EnerNOC has completely changed the way it describes itself. Although the Boston-based company is best known as a demand response provider, that’s not the description it prefers.

Rather, CEO Tim Healy calls it an “energy intelligence software company” that is focused on providing analytics for building energy management all day, every day -- not just during peak times.

That’s not the only thing that has changed for EnerNOC. Its geographic footprint has also evolved in the same way.

Three years ago, 99 percent of EnerNOC’s revenues came from U.S. operations; last year, nearly 20 percent of revenues came from international markets. Most of that activity came from Australia, New Zealand and Canada, but the company is now offering various energy management services in 100 different countries.

“More so than ever before, EnerNOC is a global company,” said Healy, speaking at the Forum 20/20 conference in Boston. He said 35 percent of his staff is now located outside of America.

EnerNOC is now entering South Korea, following an expansion into Japan, Germany and Ireland in 2014.

Today Healy announced that EnerNOC has secured several large customers -- LG Chem, Kolon Industries, COEX and Korea Paper -- to provide demand response services that will be sold on the Korean Power Exchange. Earlier this spring, Korea established a demand response market for the first time, opening up an opportunity for companies like EnerNOC with experience in the more mature U.S. market.

Healy said the strategy would be to “go and get customers to adopt new [energy management] software by helping them get involved in demand response opportunities first.”

Demand response will enable EnerNOC to enter new markets. But it sees software as an equally large revenue opportunity. According to the company, energy intelligence software will add $70 million in sales -- nearing the $90 million expected from international demand response markets.

Unlike many other cleantech industries where the U.S. has historically lagged, new demand response markets like the one in South Korea have emerged because of American leadership. Healy said the company has seen a dramatic pull from countries attempting to emulate what the U.S. has done.
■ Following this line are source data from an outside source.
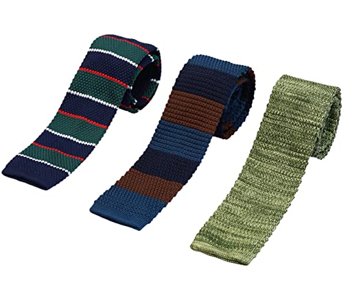 ZENXUS Knit Ties for Men, Wrinkle Proof, Machine Washable, 2.35 inch Skinny Ties, Flat-end Sock Ties, 3-Pack, Set-17, Skinny
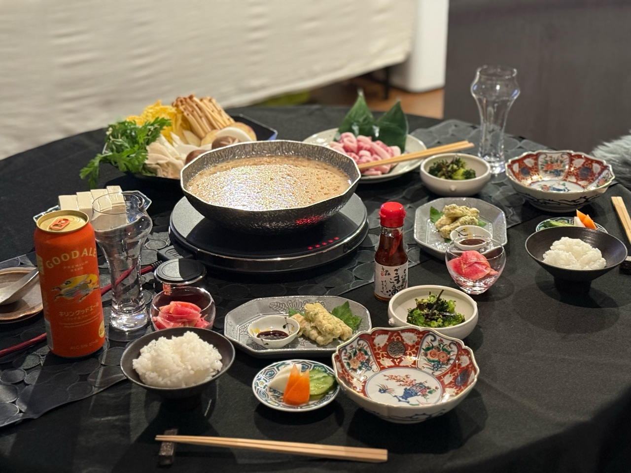 お鍋のつゆや副菜に、たっぷりと胡麻製品を使っています。
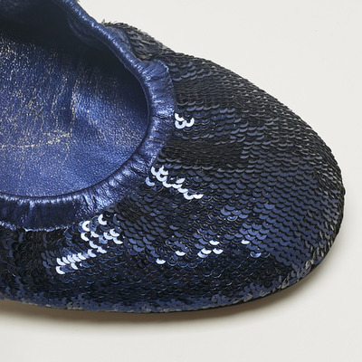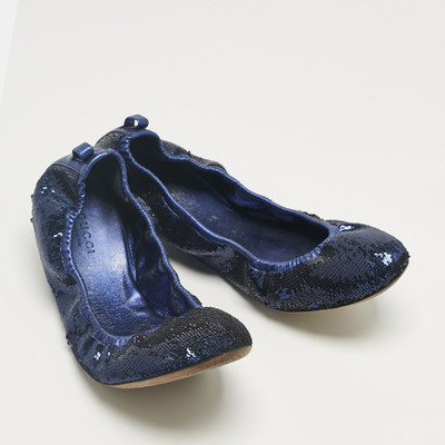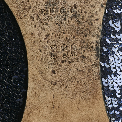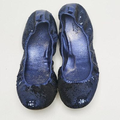 Gucci adds drama to the ballet flat, covering metallic blue leather with sequins and finishing it with a ruched, scrunch silhouette. A playful reimagination of a classic, they shimmer with every step.
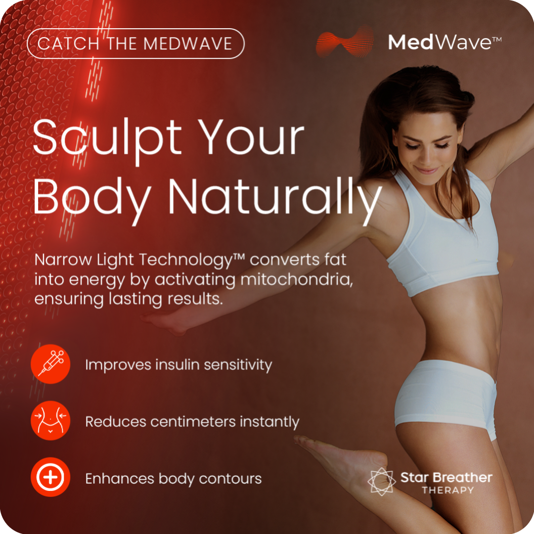 After the WBV session stimulates circulation and fat release, MedWave Narrow Light Therapy completes the cycle by activating your body’s cellular energy systems.
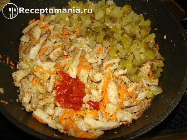 После добавляем морковь, натертую на крупной терке и лук нарезанный кубиками, жарим до полу готовности. Добавляем к мясу нарезанные кубиками огурцы и томатную пасту.
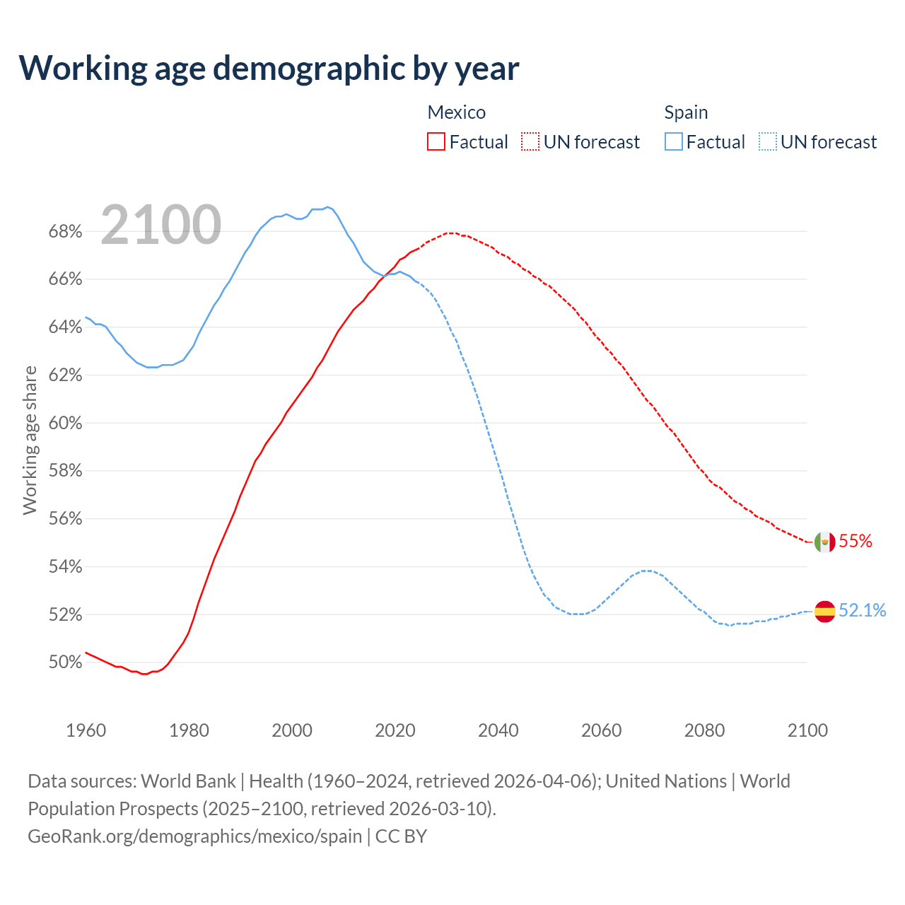 Median age Mexico vs Spain, 1960-2100
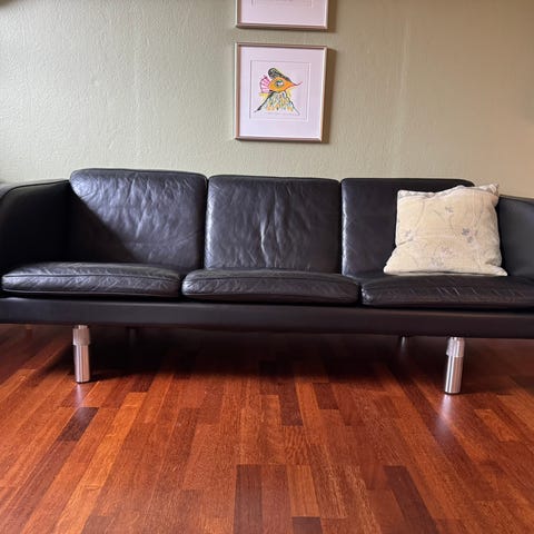Sofa, læder, 3 pers. , J.Ingvard Jensen, Dansk design 3 Per. Sofa med lænestol samt skammel, farve okse brun/ mørke brun.
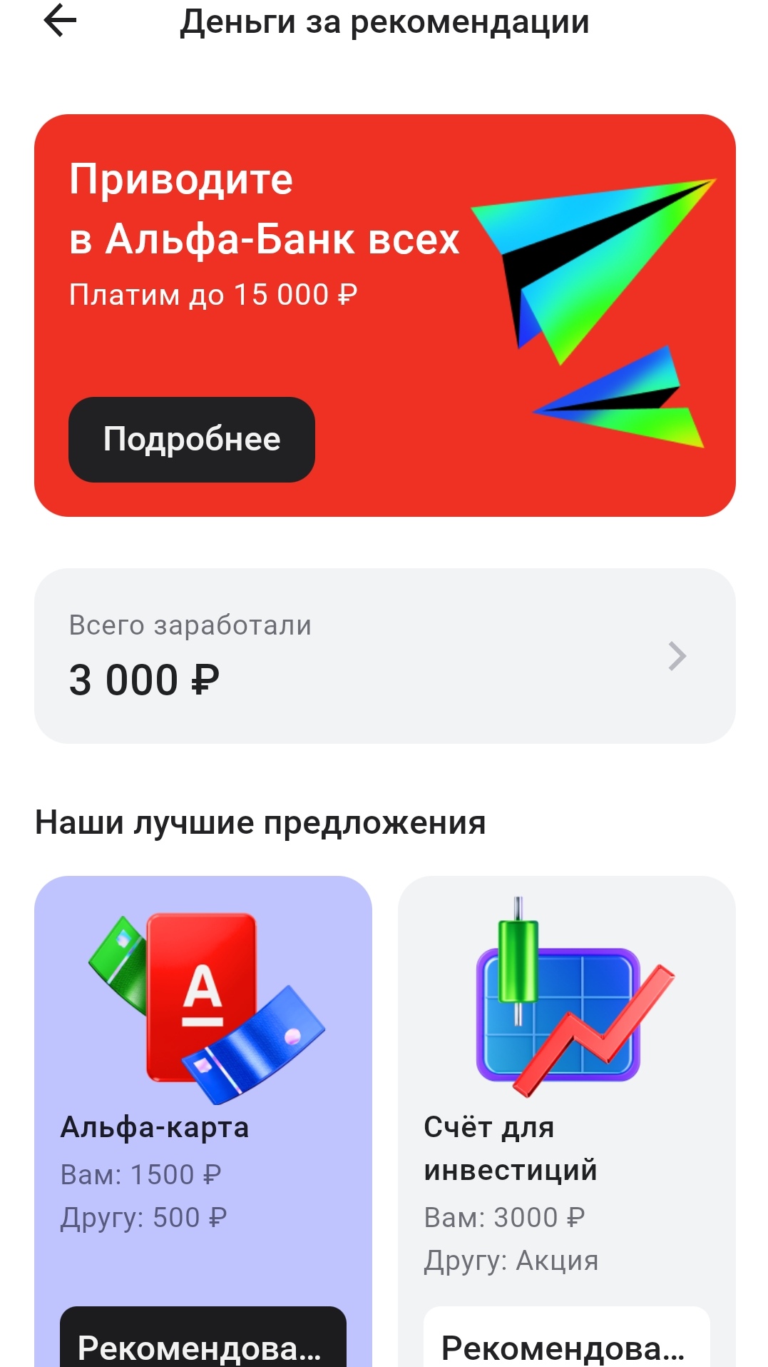 Похоже, гонка за новыми клиентами среди банков выходит на новый уровень. Альфа-Банк в очередной раз пересмотрел условия программы «Деньги за друзей». Если раньше за обычную дебетовую карту платили по 500 или 1000 рублей, то теперь планка поднялась до 1500 рублей. Это довольно весомый аргумент, чтобы вспомнить, кто из знакомых до сих пор не обзавелся «красной» картой, особенно учитывая, что бонус другу тоже сохранили.

“People from around the world are coming to our headquarters to hear about the opportunity of demand response,” said Healey. "It's different than what we see in other clean energy markets."

But expanding into new countries -- particularly those with markets that are far less mature -- creates plenty of sticking points for the once U.S.-centric EnerNOC.

The biggest issue is understanding rate structures and potential legal issues within every utility territory that offers demand response.

"There are 200,000 different ways to buy electricity over a wire around the world," said Healy. "It's very localized, so the demand response opportunities are distributed."

Although demand response is an easier sell for EnerNOC because of its long experience in the market, the company does find it hard to compete with local software providers for building energy management. 

"We have a brand name for demand response, but not necessarily for broader software. Local players can...[claim] you aren't the best fit. It's difficult to compete with that," said Healy.

Those local challenges make it imperative that the company hire lots of local people for support. EnerNOC has 200 people in software development and product marketing, but the vast majority sit in Boston. Healy said he's working on hiring more local product managers in new markets.

"We definitely need to put software resources and local product managers right in that market we're entering," he said. 

With so many new markets opening up for demand response around the world, the employee and local resource demands are increasing for the company. The company now has twenty-two offices in twelve different countries. International revenue grew 116 percent last year, reaching 19 percent of total revenue -- up from 1 percent in 2010.

"The international demand response market is significantly larger than the United States market and significantly less penetrated," wrote Healy in the company's 2013 yearly financial report.